__COLLECTED DATA__.

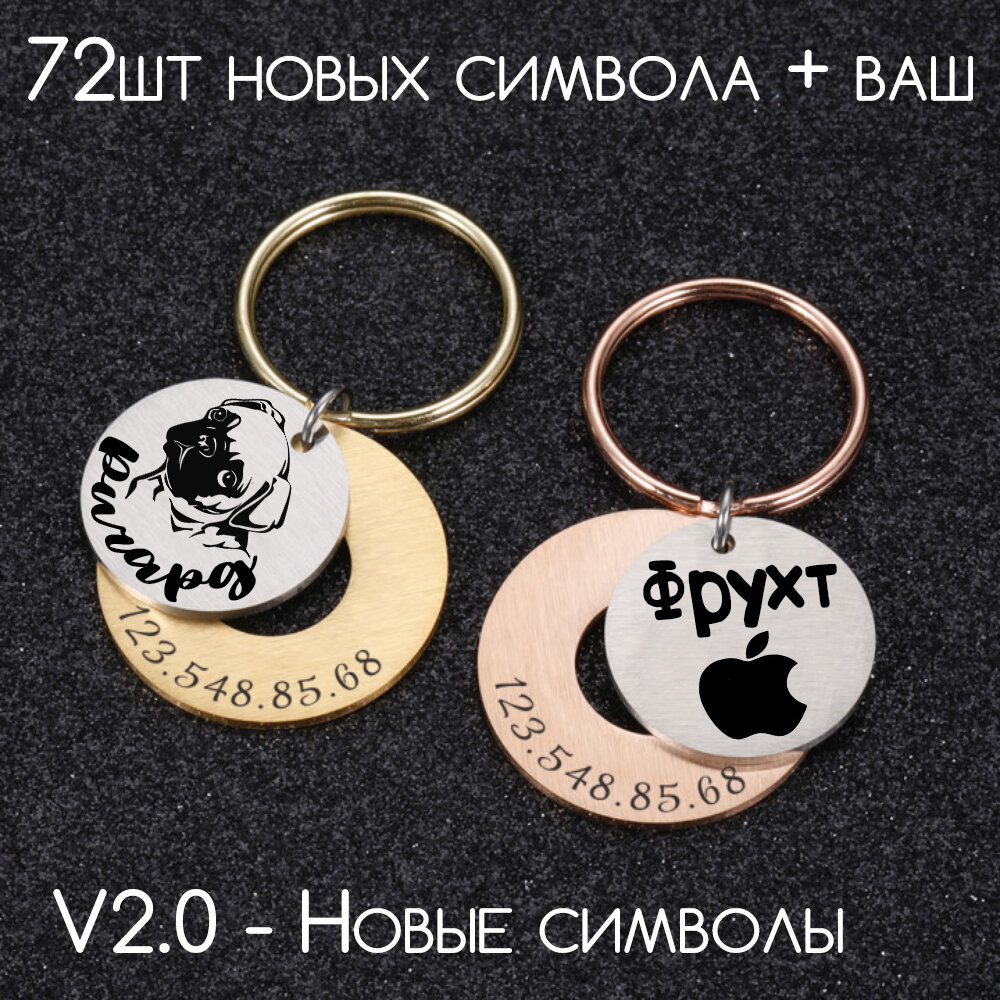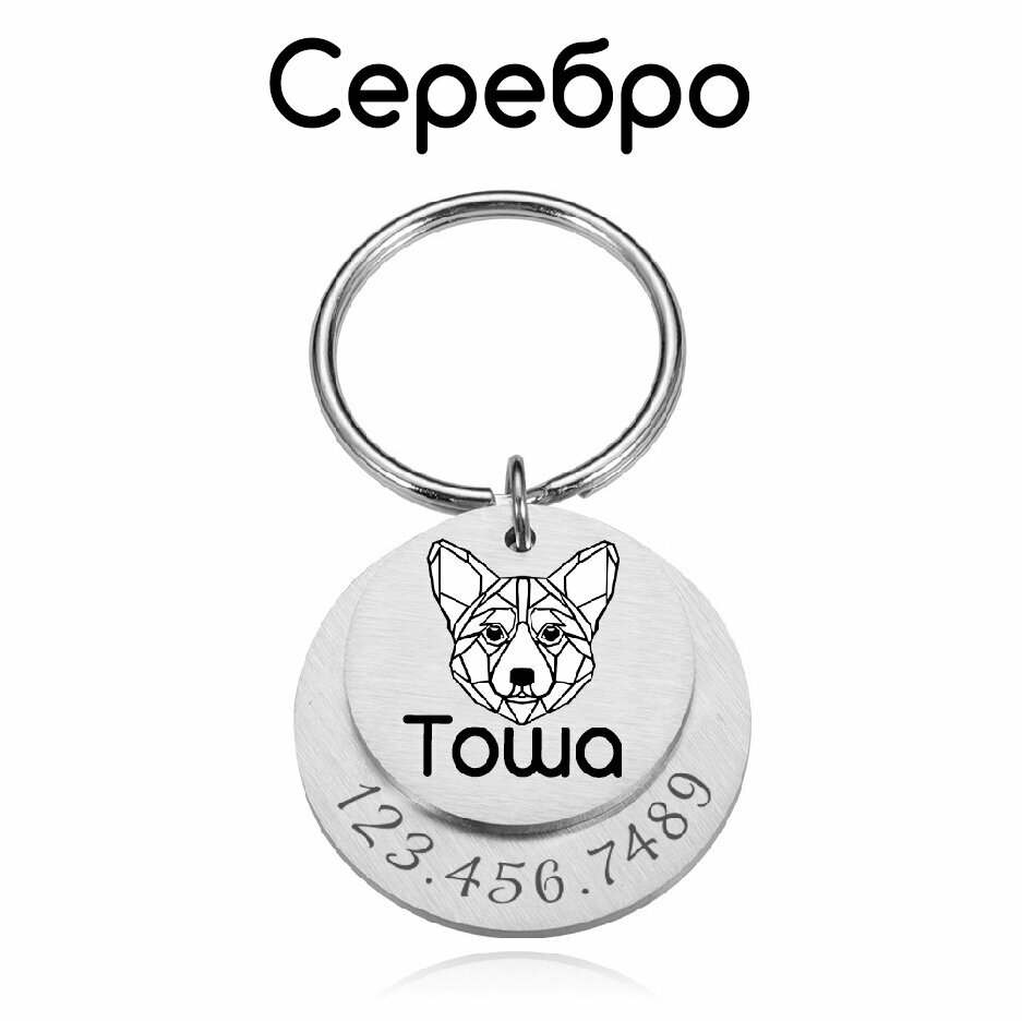 Адресник для собак и кошек с гравировкой, брелок на ключи, именной жетон 30мм, двойной, Серебро, матовый, V2
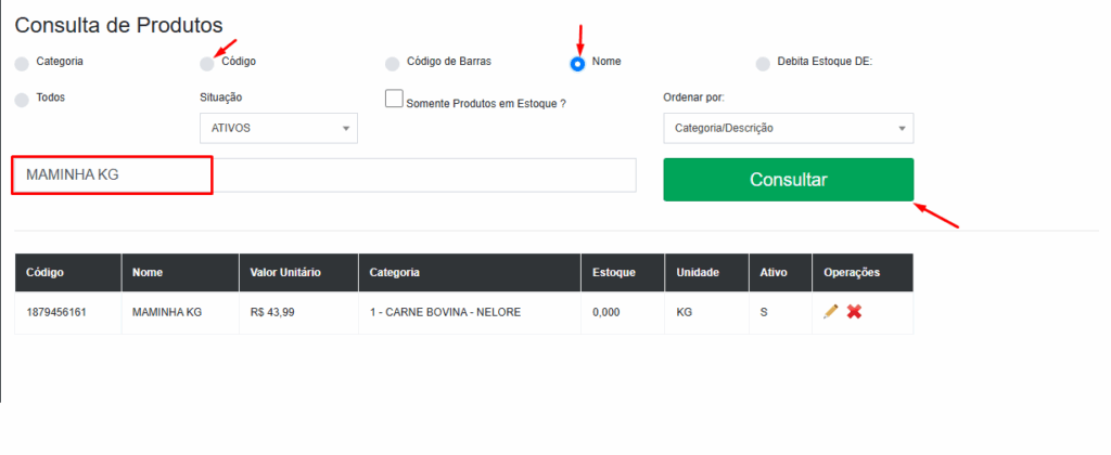 3º Passo — Na aba de consulta, você seleciona o filtro 'Nome' ou 'Codigo' e insere o descritivo, clique em Consultar.
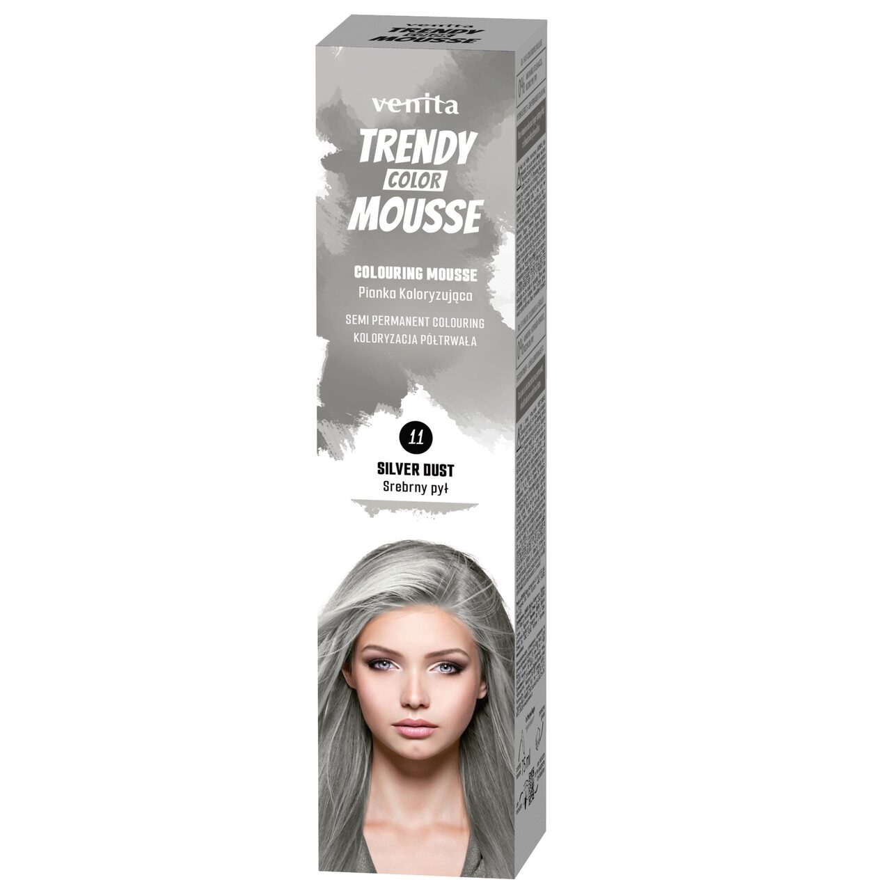 Spuma coloranta Trendy Nr. 11, Silver Dust, argintie, este o vopsea semipermanenta sub forma de spuma, special creata pentru cele care isi doresc sa iasa in evidenta, interesate in obtinerea unui efect unic si colorat! Formula blanda, fara amoniac si oxidanti, va permite sa modificati cu usurinta si in mod eficient culoarea parului, oferind o colorare vie.
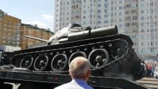 На воена парада во рускиот град Курск се случи инцидент во кој еден од тенковите што парадираа се лизна од камионот...

__EXERCISE PROMPT__. Starting at the line that holds "Spuma coloranta Trendy", copy each line exactly through the end of the material above, keeping both ends and dropping the pictures.

__ANSWER TO THE PROBLEM__.
 Spuma coloranta Trendy Nr. 11, Silver Dust, argintie, este o vopsea semipermanenta sub forma de spuma, special creata pentru cele care isi doresc sa iasa in evidenta, interesate in obtinerea unui efect unic si colorat! Formula blanda, fara amoniac si oxidanti, va permite sa modificati cu usurinta si in mod eficient culoarea parului, oferind o colorare vie.
 На воена парада во рускиот град Курск се случи инцидент во кој еден од тенковите што парадираа се лизна од камионот...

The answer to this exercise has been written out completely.